1. Whether or not 605 merely interdicts the introduction into evidence in a federal trial
of intercepted telephone conversations, leaving the prosecution free to make every other use of the proscribed evidence? Phrased differently, Whether or not, derivative use of (previously held) inadmissible evidence is allowed? -> NO.

Held+Rationale:

1. No. In a prosecution in a federal court, evidence procured by tapping wires


in violation of the Communications Act of 1934 is inadmissible. This applies not only to the intercepted conversations themselves, but also, by implication, to evidence procured through the use of knowledge gained from such conversations.
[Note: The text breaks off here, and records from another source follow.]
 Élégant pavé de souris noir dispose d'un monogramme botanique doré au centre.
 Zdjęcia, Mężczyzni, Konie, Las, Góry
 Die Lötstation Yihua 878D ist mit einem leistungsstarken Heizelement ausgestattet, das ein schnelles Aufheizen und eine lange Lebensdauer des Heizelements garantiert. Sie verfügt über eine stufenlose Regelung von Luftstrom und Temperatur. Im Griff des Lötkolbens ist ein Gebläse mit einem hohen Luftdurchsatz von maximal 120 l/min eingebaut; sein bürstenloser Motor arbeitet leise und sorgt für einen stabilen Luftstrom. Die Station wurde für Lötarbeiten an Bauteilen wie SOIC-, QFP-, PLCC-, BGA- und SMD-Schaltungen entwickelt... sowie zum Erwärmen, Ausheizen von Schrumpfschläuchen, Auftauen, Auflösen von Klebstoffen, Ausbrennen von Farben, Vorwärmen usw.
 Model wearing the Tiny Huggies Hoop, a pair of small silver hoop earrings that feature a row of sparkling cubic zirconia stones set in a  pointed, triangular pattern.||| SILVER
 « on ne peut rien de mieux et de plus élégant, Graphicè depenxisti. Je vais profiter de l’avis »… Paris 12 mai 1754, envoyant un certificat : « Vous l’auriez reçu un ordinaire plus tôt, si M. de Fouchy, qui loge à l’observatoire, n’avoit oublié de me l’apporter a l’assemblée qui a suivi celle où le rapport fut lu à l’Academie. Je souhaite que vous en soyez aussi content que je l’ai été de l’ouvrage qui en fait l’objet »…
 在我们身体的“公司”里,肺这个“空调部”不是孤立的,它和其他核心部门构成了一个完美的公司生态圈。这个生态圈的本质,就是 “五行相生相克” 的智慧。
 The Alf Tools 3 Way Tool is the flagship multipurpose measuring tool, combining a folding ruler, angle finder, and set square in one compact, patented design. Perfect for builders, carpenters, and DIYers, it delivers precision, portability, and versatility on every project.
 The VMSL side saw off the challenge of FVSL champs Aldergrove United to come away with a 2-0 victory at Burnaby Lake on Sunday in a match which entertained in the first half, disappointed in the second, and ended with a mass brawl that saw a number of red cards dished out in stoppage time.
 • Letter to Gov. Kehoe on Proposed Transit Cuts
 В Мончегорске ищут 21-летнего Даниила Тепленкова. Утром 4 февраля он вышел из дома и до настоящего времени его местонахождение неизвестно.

a. The result of the holding by the trial court is to reduce the scope of 605 to
exclusion of the exact words heard through forbidden interceptions, allowing these interceptions every derivative use that they may serve. Such a

reading of 605 would largely stultify the policy which compelled the SCs decision in Nardone v. United States (1937). b. To forbid the direct use of methods thus characterized, but to put no curb on their full indirect use, would only invite the very methods deemed "inconsistent with ethical standards and destructive of personal liberty."

c. Silverthorne Lumber Co. v. United States: The essence of a provision


forbidding the acquisition of evidence in a certain way is that not merely evidence so acquired shall not be used before the court, but that it shall not be used at all. AND the facts improperly obtained do not become sacred and inaccessible. If knowledge of them is gained from an independent source, they may be proved like any others, but the knowledge gained by the Government's own wrong cannot be used by it simply because it is used derivatively. d. The US SC in this case cites a sensible way in which to deal with a situation in such a way that it would be fair to the intent of the law and to the purposes of criminal law:

i. In the first instance, it is the burden of the accused to prove to the trial
court's satisfaction that wiretapping was unlawfully employed. ii. Once that is established the trial judge must give opportunity, however closely confined, to the accused to prove that a substantial portion of the case against him was a fruit of the poisonous tree. iii. The government then has the opportunity to convince the trial court that their proof has an independent origin. Dispositive: The judgment must be reversed and remanded to the District Court for further proceedings in conformity with this opinion.

Note: This is the case where the US Supreme Court first used the term fruit of the poisonous tree.